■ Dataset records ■
- Opening Delimiter -
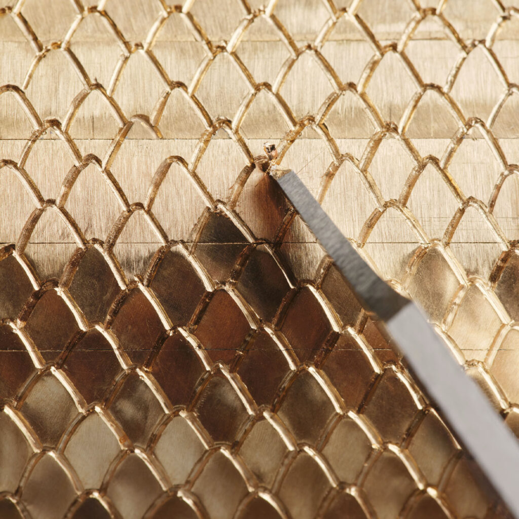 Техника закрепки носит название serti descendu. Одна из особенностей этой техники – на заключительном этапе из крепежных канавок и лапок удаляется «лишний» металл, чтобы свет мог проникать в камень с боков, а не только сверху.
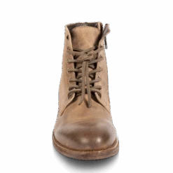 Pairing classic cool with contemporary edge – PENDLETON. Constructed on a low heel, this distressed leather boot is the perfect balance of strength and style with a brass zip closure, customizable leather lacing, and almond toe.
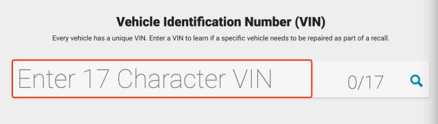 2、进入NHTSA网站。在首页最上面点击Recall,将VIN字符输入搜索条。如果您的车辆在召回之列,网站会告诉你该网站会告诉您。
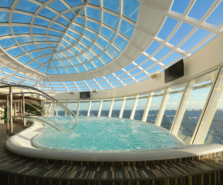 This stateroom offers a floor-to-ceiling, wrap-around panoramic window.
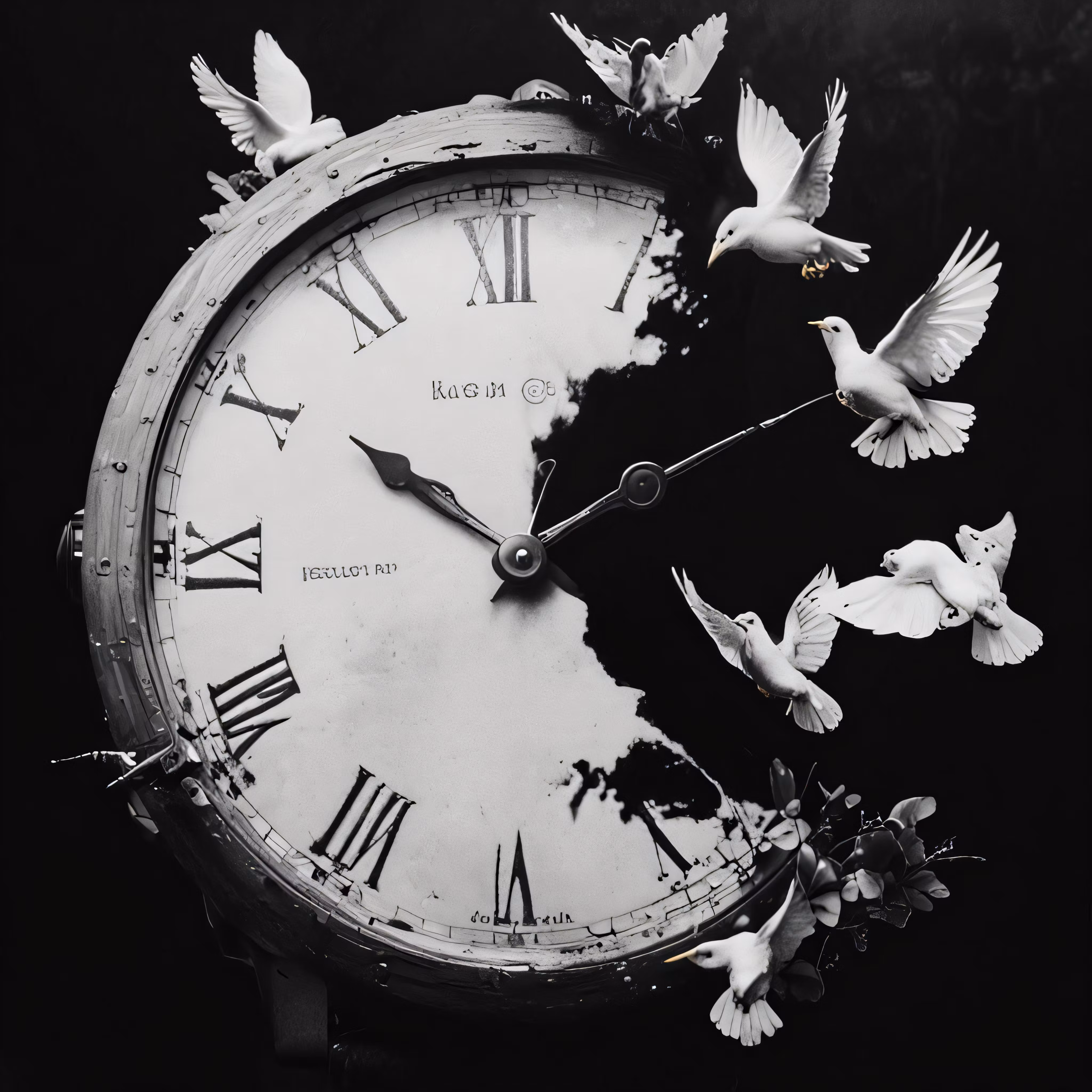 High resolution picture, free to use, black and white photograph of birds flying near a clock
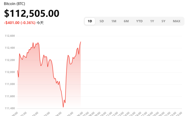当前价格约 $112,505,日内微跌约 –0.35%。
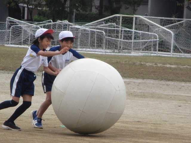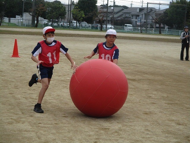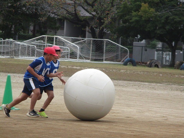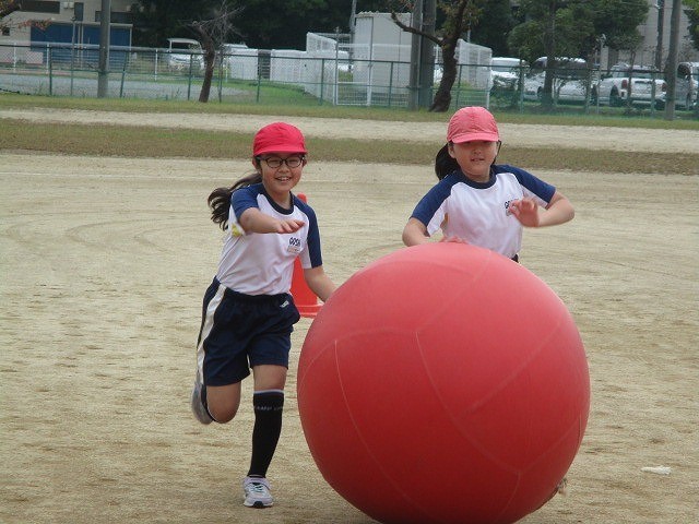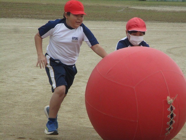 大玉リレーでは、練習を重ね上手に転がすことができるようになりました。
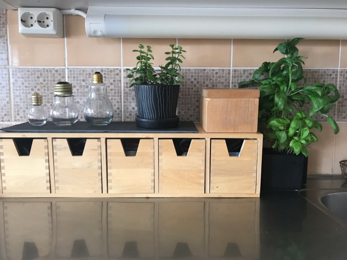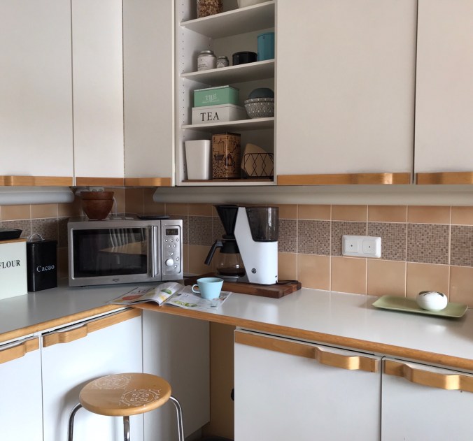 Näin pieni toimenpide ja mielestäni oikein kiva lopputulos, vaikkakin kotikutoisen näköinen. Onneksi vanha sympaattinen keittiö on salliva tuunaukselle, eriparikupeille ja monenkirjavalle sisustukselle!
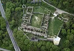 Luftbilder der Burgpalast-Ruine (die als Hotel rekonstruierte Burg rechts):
- Closing Delimiter -
■ WHAT THIS TASK INVOLVES ■
Above are the records; set down exactly the lines from the line containing "High resolution picture, free" through their last line, leaving every picture out.

■ RESPONSE FOR THIS EXERCISE ■
 High resolution picture, free to use, black and white photograph of birds flying near a clock
当前价格约 $112,505,日内微跌约 –0.35%。
 大玉リレーでは、練習を重ね上手に転がすことができるようになりました。
 Näin pieni toimenpide ja mielestäni oikein kiva lopputulos, vaikkakin kotikutoisen näköinen. Onneksi vanha sympaattinen keittiö on salliva tuunaukselle, eriparikupeille ja monenkirjavalle sisustukselle!
 Luftbilder der Burgpalast-Ruine (die als Hotel rekonstruierte Burg rechts):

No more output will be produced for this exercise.